The objective is to simulate preferences and growth trajectory in the pre-event phase and once disaster occurs, to provide a functional prototype that can be utilized within a period that is shorter than the time required for conventional interim housing to be provided, and to inform the quantity of resources required for every stages of growth from a basic 16 – 28 sqm unit to a middle-class standard 120 sqm unit.

 

The content of the game and how users’ interactions inside the game shape the design of the post disaster housing unit. The preferential selection of different parameters of the unit that define its envelope. Levels are separated into scenes in the game and in each scene variation will take place in only a single parameter. The player will see three options every time they are being transfer into a new scene. Players choices aggregate to form the housings of the next stage and the number of possibilities that might result in increase exponentially.

Each interaction in the game at the front-end and how players’ decision are processed in the form of data at the back-end to influence the design and growth of the unit.

 

After the last entry is collected,  the house is being reshape by the new average parameter.

The resulting unit that has parameters reflecting the preferences of a group of people are then brought into a scene that inquire player of the interior distribution. In this scene, player start in a pre-partitioned unit and they will find a lists of names of the different rooms on the walls beside the entrance. They can use the controller to grab the name. And place them on any space where they would like to assign the function to. And once the name is placed the furniture corresponding to that function will pop up in that chosen space. Through room naming in the initial unit and the later stages grown unit, user behavior in assigning programme is evaluated against three types of different naming behavior.

 

After programme are assigned, user have the chance of moving furniture.

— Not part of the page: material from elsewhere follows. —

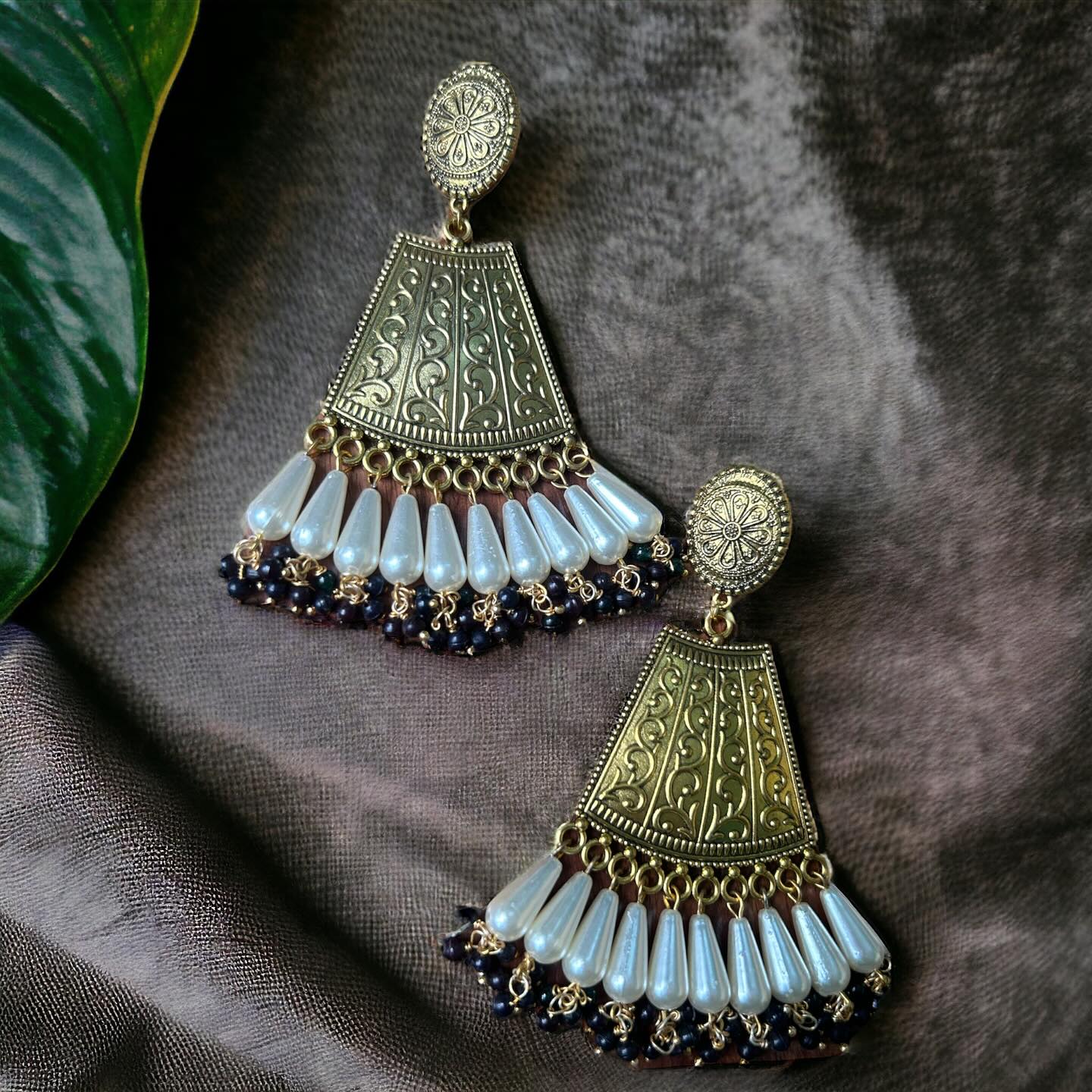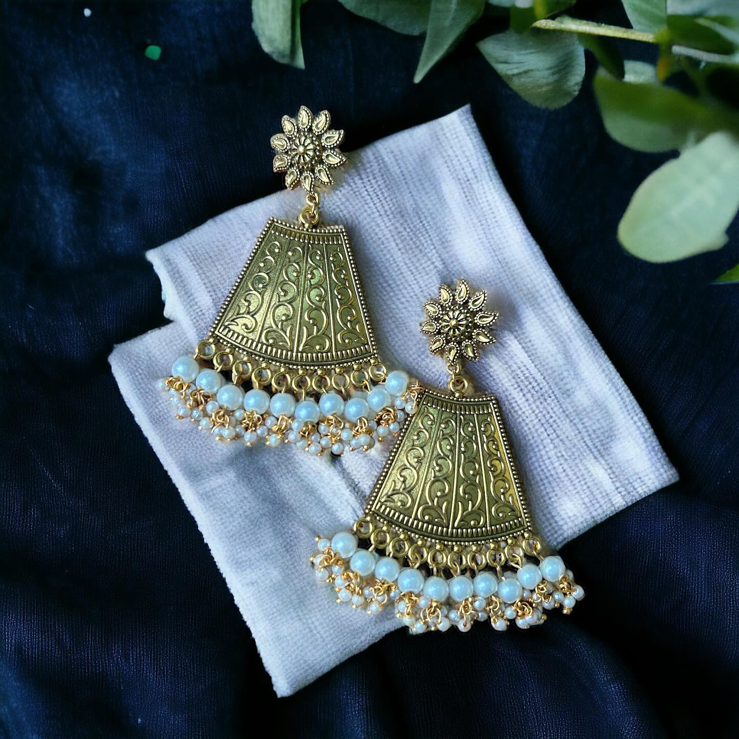 Perfect for both formal and casual occasions, these Golden Oxidized Earrings with a Smooth Finish add a touch of glamour to your look. Whether it’s a festive celebration, a cultural event, or an evening out, these earrings make a statement of style.

Apart from naming a pre-partitioned unit, player also have the chance to create partition for an empty unit. To assist player in partitioning the unit, when the player look at the floor, a grid will show up to guide them. As partition is being created, at the backend the plan is also divided accordingly following the principle of convex space and the number of spaces, standard deviation and the % of the area of spaces are being calculated. The player can also remove portion of the wall by running into it. After part of the wall is removed, the player can add high wall for doors.

 

At the end of this game, player are being asked to decide whether or not and how they would like to expand the unit. Their decision is informed by the amount of resources they own that round, which also restrict the option they have. In each round, a certain quantity of resources would be added estimated based on the region’s production and import dataset.

 

After all the expansion detail are collected from the player. The system will evaluate according to a grid count method which type of configuration the player expansion is intending to achieve.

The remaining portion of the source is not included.